What to work on - Keeping every word intact, reproduce all of the records.

[Data entries]
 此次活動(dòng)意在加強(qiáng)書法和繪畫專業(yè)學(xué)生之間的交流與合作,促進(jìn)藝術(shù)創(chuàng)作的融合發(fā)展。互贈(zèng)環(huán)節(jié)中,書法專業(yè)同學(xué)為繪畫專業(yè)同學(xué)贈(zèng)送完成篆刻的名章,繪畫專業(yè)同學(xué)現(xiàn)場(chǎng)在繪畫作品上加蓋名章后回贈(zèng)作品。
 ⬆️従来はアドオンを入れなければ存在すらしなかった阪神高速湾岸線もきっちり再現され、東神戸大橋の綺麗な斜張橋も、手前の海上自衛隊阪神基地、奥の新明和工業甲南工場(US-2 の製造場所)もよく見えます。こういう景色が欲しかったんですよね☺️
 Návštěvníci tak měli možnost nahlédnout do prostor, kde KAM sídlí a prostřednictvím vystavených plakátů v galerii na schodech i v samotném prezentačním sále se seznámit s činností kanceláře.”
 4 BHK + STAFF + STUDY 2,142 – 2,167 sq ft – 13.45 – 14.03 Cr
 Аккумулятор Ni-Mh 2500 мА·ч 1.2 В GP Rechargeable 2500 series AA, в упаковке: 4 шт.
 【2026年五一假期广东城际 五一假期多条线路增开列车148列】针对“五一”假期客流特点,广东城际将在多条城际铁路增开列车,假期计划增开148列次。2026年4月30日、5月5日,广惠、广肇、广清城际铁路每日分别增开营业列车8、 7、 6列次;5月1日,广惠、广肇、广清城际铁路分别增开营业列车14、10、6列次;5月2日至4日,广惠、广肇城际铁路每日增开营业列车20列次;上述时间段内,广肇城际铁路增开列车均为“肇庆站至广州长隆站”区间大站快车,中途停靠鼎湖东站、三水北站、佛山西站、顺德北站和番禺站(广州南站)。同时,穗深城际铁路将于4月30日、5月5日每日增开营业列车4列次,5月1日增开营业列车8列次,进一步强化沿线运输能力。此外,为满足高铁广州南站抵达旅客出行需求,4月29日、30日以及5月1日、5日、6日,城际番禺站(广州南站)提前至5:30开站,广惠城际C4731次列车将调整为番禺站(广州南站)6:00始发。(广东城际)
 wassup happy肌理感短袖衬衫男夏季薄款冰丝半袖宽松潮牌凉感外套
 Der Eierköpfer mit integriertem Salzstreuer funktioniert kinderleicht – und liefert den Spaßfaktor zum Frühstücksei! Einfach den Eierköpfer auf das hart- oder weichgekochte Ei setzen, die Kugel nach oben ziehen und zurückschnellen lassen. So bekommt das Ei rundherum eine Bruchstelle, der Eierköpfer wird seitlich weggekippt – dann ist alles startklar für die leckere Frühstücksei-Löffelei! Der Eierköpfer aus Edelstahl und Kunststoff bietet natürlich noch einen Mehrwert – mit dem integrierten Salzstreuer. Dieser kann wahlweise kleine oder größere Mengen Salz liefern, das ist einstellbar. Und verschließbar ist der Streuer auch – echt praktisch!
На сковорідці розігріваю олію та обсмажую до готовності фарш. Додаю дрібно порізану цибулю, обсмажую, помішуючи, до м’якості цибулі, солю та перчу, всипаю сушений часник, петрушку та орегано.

Task output -
 此次活動(dòng)意在加強(qiáng)書法和繪畫專業(yè)學(xué)生之間的交流與合作,促進(jìn)藝術(shù)創(chuàng)作的融合發(fā)展。互贈(zèng)環(huán)節(jié)中,書法專業(yè)同學(xué)為繪畫專業(yè)同學(xué)贈(zèng)送完成篆刻的名章,繪畫專業(yè)同學(xué)現(xiàn)場(chǎng)在繪畫作品上加蓋名章后回贈(zèng)作品。
 ⬆️従来はアドオンを入れなければ存在すらしなかった阪神高速湾岸線もきっちり再現され、東神戸大橋の綺麗な斜張橋も、手前の海上自衛隊阪神基地、奥の新明和工業甲南工場(US-2 の製造場所)もよく見えます。こういう景色が欲しかったんですよね☺️
 Návštěvníci tak měli možnost nahlédnout do prostor, kde KAM sídlí a prostřednictvím vystavených plakátů v galerii na schodech i v samotném prezentačním sále se seznámit s činností kanceláře.”
 4 BHK + STAFF + STUDY 2,142 – 2,167 sq ft – 13.45 – 14.03 Cr
 Аккумулятор Ni-Mh 2500 мА·ч 1.2 В GP Rechargeable 2500 series AA, в упаковке: 4 шт.
 【2026年五一假期广东城际 五一假期多条线路增开列车148列】针对“五一”假期客流特点,广东城际将在多条城际铁路增开列车,假期计划增开148列次。2026年4月30日、5月5日,广惠、广肇、广清城际铁路每日分别增开营业列车8、 7、 6列次;5月1日,广惠、广肇、广清城际铁路分别增开营业列车14、10、6列次;5月2日至4日,广惠、广肇城际铁路每日增开营业列车20列次;上述时间段内,广肇城际铁路增开列车均为“肇庆站至广州长隆站”区间大站快车,中途停靠鼎湖东站、三水北站、佛山西站、顺德北站和番禺站(广州南站)。同时,穗深城际铁路将于4月30日、5月5日每日增开营业列车4列次,5月1日增开营业列车8列次,进一步强化沿线运输能力。此外,为满足高铁广州南站抵达旅客出行需求,4月29日、30日以及5月1日、5日、6日,城际番禺站(广州南站)提前至5:30开站,广惠城际C4731次列车将调整为番禺站(广州南站)6:00始发。(广东城际)
 wassup happy肌理感短袖衬衫男夏季薄款冰丝半袖宽松潮牌凉感外套
 Der Eierköpfer mit integriertem Salzstreuer funktioniert kinderleicht – und liefert den Spaßfaktor zum Frühstücksei! Einfach den Eierköpfer auf das hart- oder weichgekochte Ei setzen, die Kugel nach oben ziehen und zurückschnellen lassen. So bekommt das Ei rundherum eine Bruchstelle, der Eierköpfer wird seitlich weggekippt – dann ist alles startklar für die leckere Frühstücksei-Löffelei! Der Eierköpfer aus Edelstahl und Kunststoff bietet natürlich noch einen Mehrwert – mit dem integrierten Salzstreuer. Dieser kann wahlweise kleine oder größere Mengen Salz liefern, das ist einstellbar. Und verschließbar ist der Streuer auch – echt praktisch!
На сковорідці розігріваю олію та обсмажую до готовності фарш. Додаю дрібно порізану цибулю, обсмажую, помішуючи, до м’якості цибулі, солю та перчу, всипаю сушений часник, петрушку та орегано.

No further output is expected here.